No deserto de discursos: uma travessia irônica da não escolha
Resumo: Este artigo-reflexão é uma travessia pessoal e irônica pelas paisagens áridas da discursividade contemporânea, marcada por uma hiperexposição simbólica e pela ilusão de escolha. Parto da consciência de que tudo já virou conteúdo, inclusive este próprio texto. Ao caminhar entre Nietzsche, Byung-Chul Han, Jean Twenge, Susana Zuboff, Shakespeare, Erving Goffman e Amélie Nothomb, procuro não encontrar saída, mas apenas sustentar o desconforto da própria presença.
Palavras-chave: discurso, ironia, não-escolha, materialidade, capitalismo de vigilância
Eu começo este texto como quem sabe que está sendo vigiado. Não me refiro apenas aos olhos do leitor (que, se chegou até aqui, merece um prêmio ou um alerta), mas ao sistema. Sim, aquele mesmo que Susana Zuboff chamou de capitalismo de vigilância (ZUBOFF, 2020). Estou aqui, falando sobre ele, alimentando-o. Que ironia.
Eu tento resistir, claro. Tento não postar, não comentar, não reagir. Mas até meu silêncio foi sequestrado. Meus rastros, meus nãos, meus atrasos... tudo já é estatística. E isso é o mais trágico: o sistema não precisa mais do meu discurso. Precisa do meu comportamento. E o comportamento se dá mesmo quando me calo.
Dentro dessa arena discursiva, todos querem ser Deus. Todos querem ter a verdade, como se a verdade não estivesse, ela mesma, exausta. Nietzsche, sempre mais preciso que eu, já dizia: tudo que precisa ser demonstrado, não vale nada (NIETZSCHE, 2010). E aqui estamos nós, gritando no deserto.
Porque é disso que se trata, não é? Um deserto. Como afirmei em uma conversa que virou inspiração deste texto: "isso aqui é só um deserto". Um deserto simbólico, mediático, cheio de palavras que não sustentam sede alguma. E no meio disso, a ironia se tornou abrigo. Não esperança, não saída, apenas abrigo. Um sorriso inclinado, como quem sabe que já foi capturado, mas finge que ainda é livre.
Byung-Chul Han talvez dissesse que estamos numa sociedade positiva, onde tudo é transparente, mas nada é real (HAN, 2017).

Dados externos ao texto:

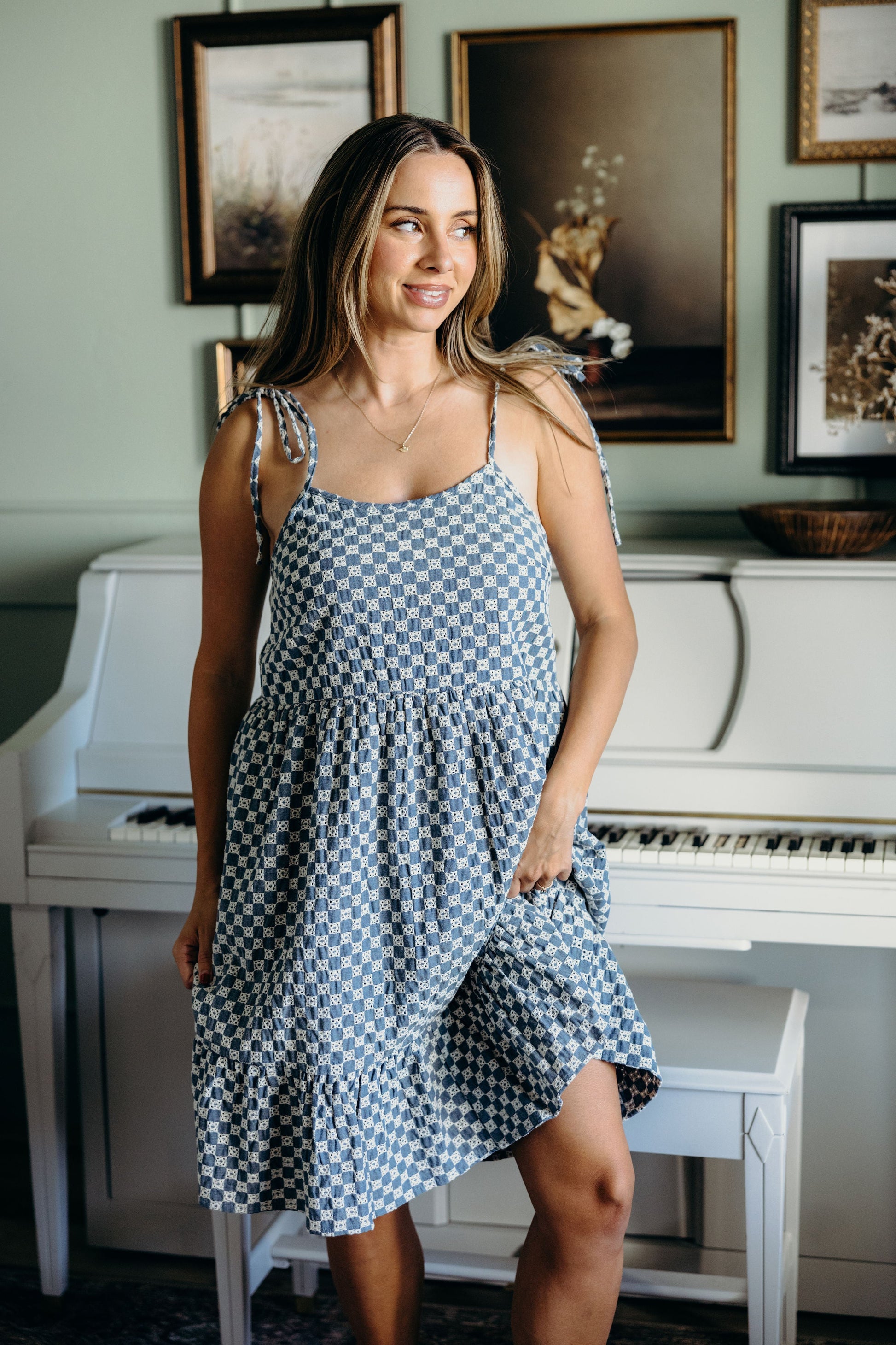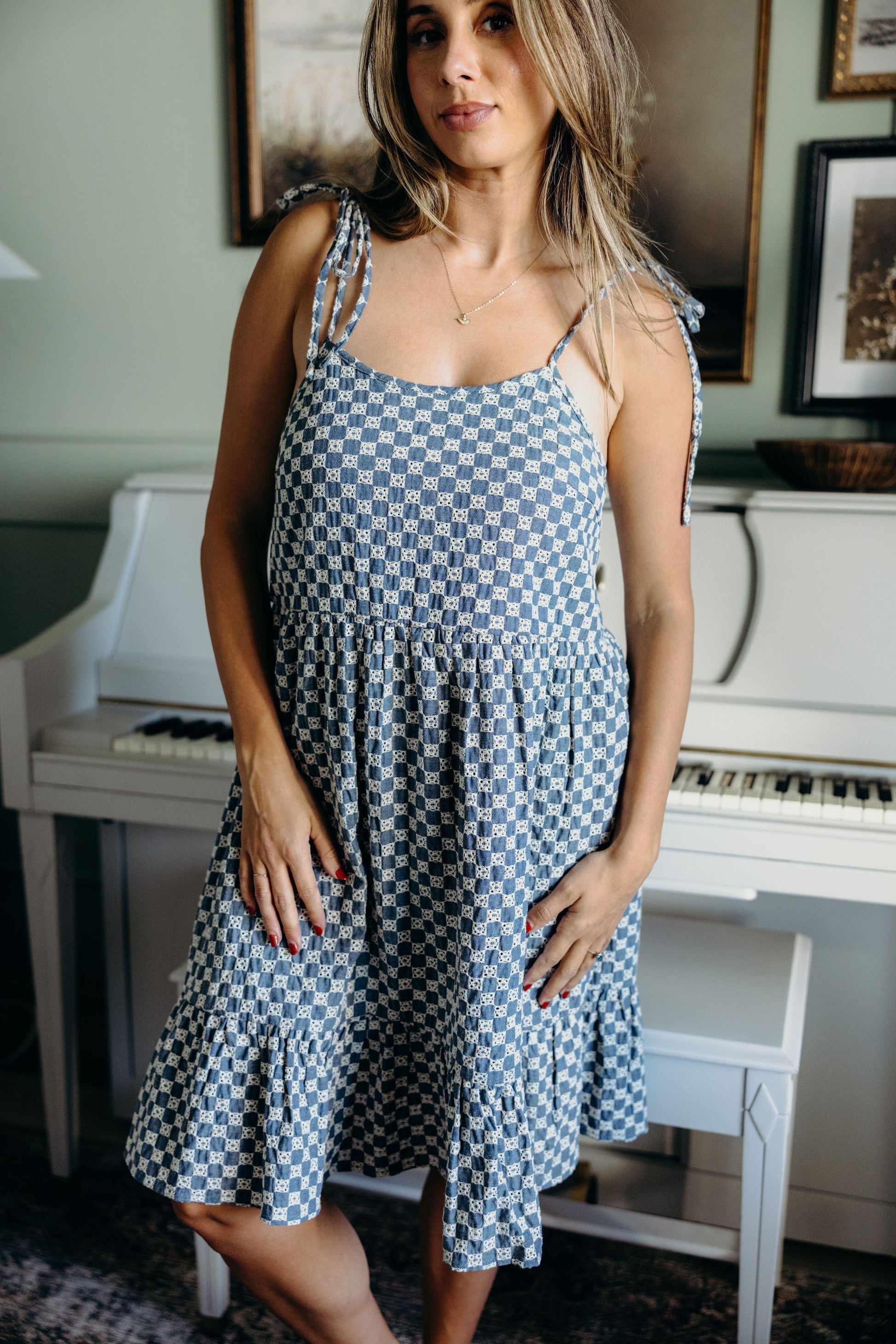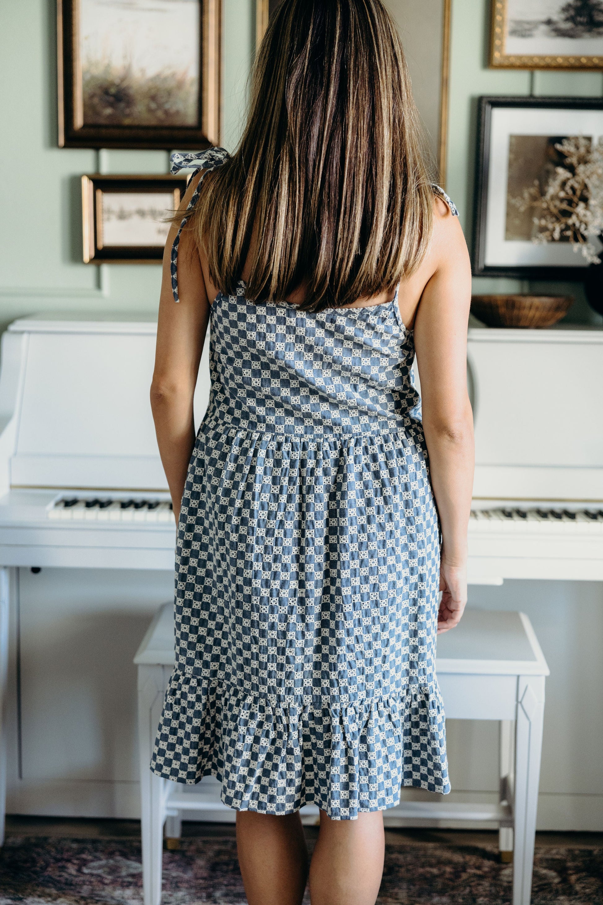 Knee length dress with ruffle hem natural waist, relax silhouette. round neckline and tie shoulders.
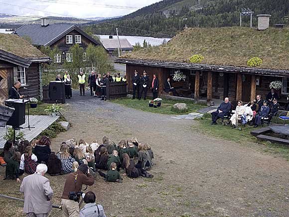 Med tunet på Vasetstølen som ramme, ble Kongeparet ønsket velkommen til Vestre Slidre. På veien dit, fikk Kongen og Dronningen se flere tablå med kjente skikkelser fra norske folkeeventyr. Det var elever fra den lokale kunstskolen som sto for eventyrtablåene, og som også underholdt på tunet senere. Kulturskolen er svært aktiv, og de aller fleste elevene i grunnskolen her deltar.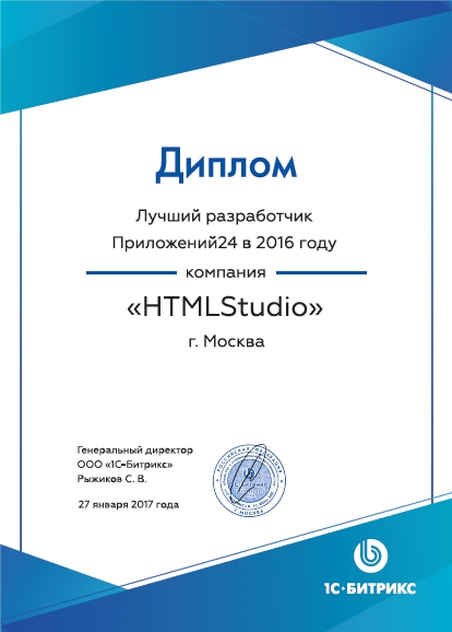 По итогам 2016 года наша компания признана лучшим разработчиком Приложений24!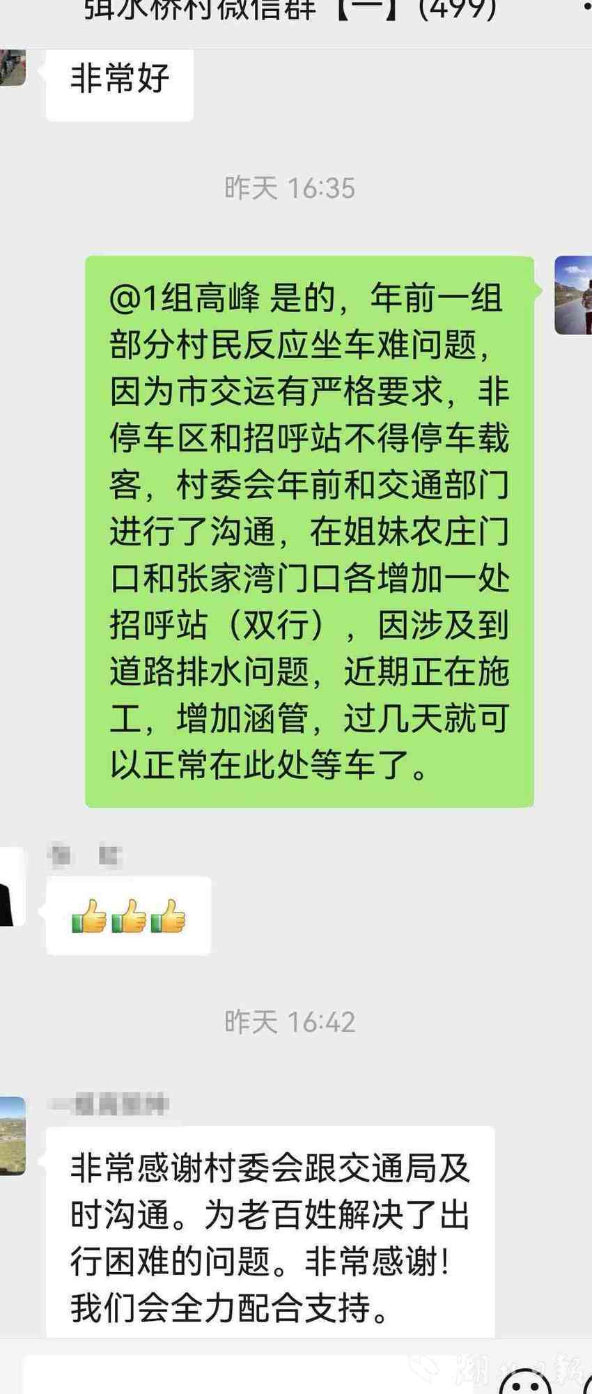 湖北日报客户端讯(通讯员 汪雄)“感谢村委会和交通运输局及时沟通,为老百姓解决了出行难题!”“为民谋福利、解忧难,为村绘蓝图、促发展,为弭水桥村党支部点赞!”近日,宜都市五眼镇弭水桥村的村民们在微信群里纷纷留言,满是对新启用公交招呼站的赞许。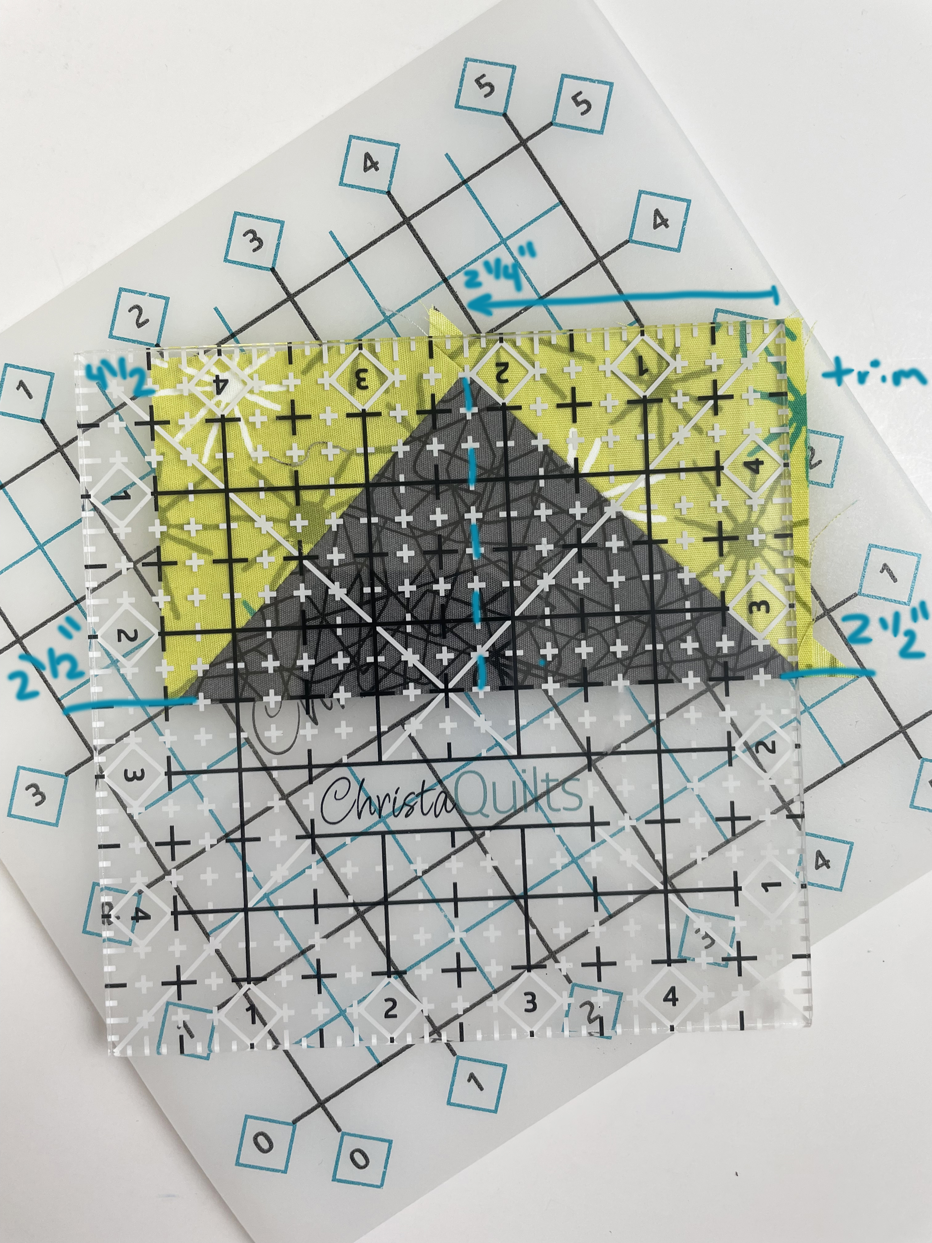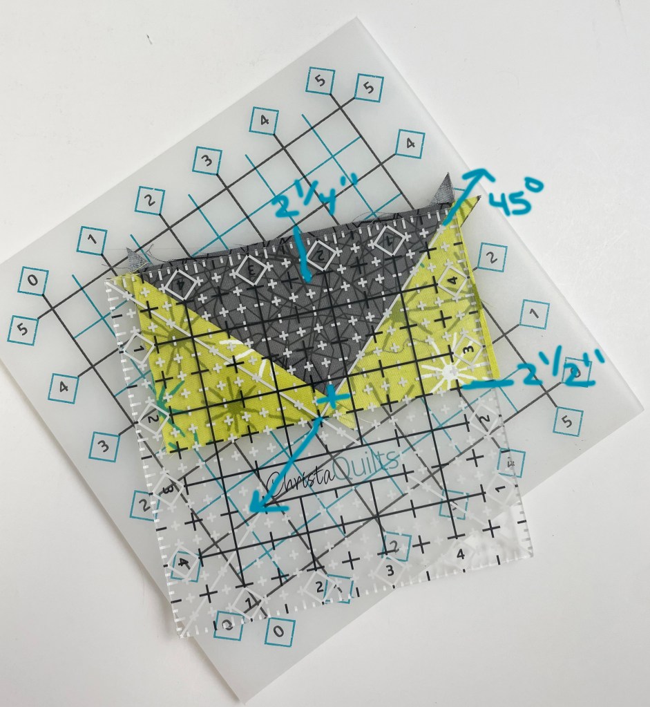 From the right, measure halfway across the unit which in this instance is 2 ¼”. Line up the 45 degree diagonal line on the ruler with the right diagonal seam. The little blue plus that I’ve marked should be the intersection of the dark triangle tip and the diagonal line. The bottom of the geese unit should hit right on the 2 ½” line.

Vivemos entre hashtags e performances emocionais, onde até a dor já é estetizada, convertida em engajamento. É como Amélie Nothomb nos mostrou em Higiene do Assassino: o discurso já está podre antes de sair da boca. Ainda assim, o personagem fala, porque não sabe não falar (NOTHOMB, 1992).
E eu também não sei. Falo aqui não por esperança, mas por lucidez. A escolha? Não, não se trata de escolha. Jean Twenge alertou que a nova geração acredita ter liberdade, mas está presa em um labirinto de toques e deslizes (TWENGE, 2018). A ilusão da escolha é mais alienante do que a ausência dela. E nós, adultos conscientes, seguimos como Sísifo, mas agora com um smartphone na mão. Empurramos a pedra sorrindo, fazendo lives, e dizendo que é sobre resiliência.
Erving Goffman já havia denunciado tudo isso antes da internet existir: a vida é palco, e o eu é um personagem (GOFFMAN, 1985). O problema é que hoje não há mais bastidor. Até o bastidor foi publicado em carrossel. O silêncio virou estética. A crítica virou algoritmo.
E eu? Eu sigo. Caminhando no deserto com esse corpo que ainda precisa de um frango, como lembrei em voz alta. Porque, no fim, a única materialidade que me ancora é o cansaço, a fome, o sono. Tudo que o discurso não pode simular por completo. Talvez seja isso que ainda me pertence. Ou talvez nem isso.
Referências:
GOFFMAN, Erving. A Representação do Eu na Vida Cotidiana. Petrópolis: Vozes, 1985.
HAN, Byung-Chul. Sociedade da Transparência. Petrópolis: Vozes, 2017.
NIETZSCHE, Friedrich. Sobre verdade e mentira no sentido extra-moral. São Paulo: Hedra, 2010.
NOTHOMB, Amélie. Higiene do Assassino. São Paulo: Companhia das Letras, 1992.
TWENGE, Jean M. iGen: Por que os jovens superconectados de hoje estão crescendo menos rebeldes, mais tolerantes, menos felizes — e completamente despreparados para a vida adulta. São Paulo: Cultrix, 2018.
ZUBOFF, Shoshana. A Era do Capitalismo de Vigilância. Rio de Janeiro: Intrínseca, 2020.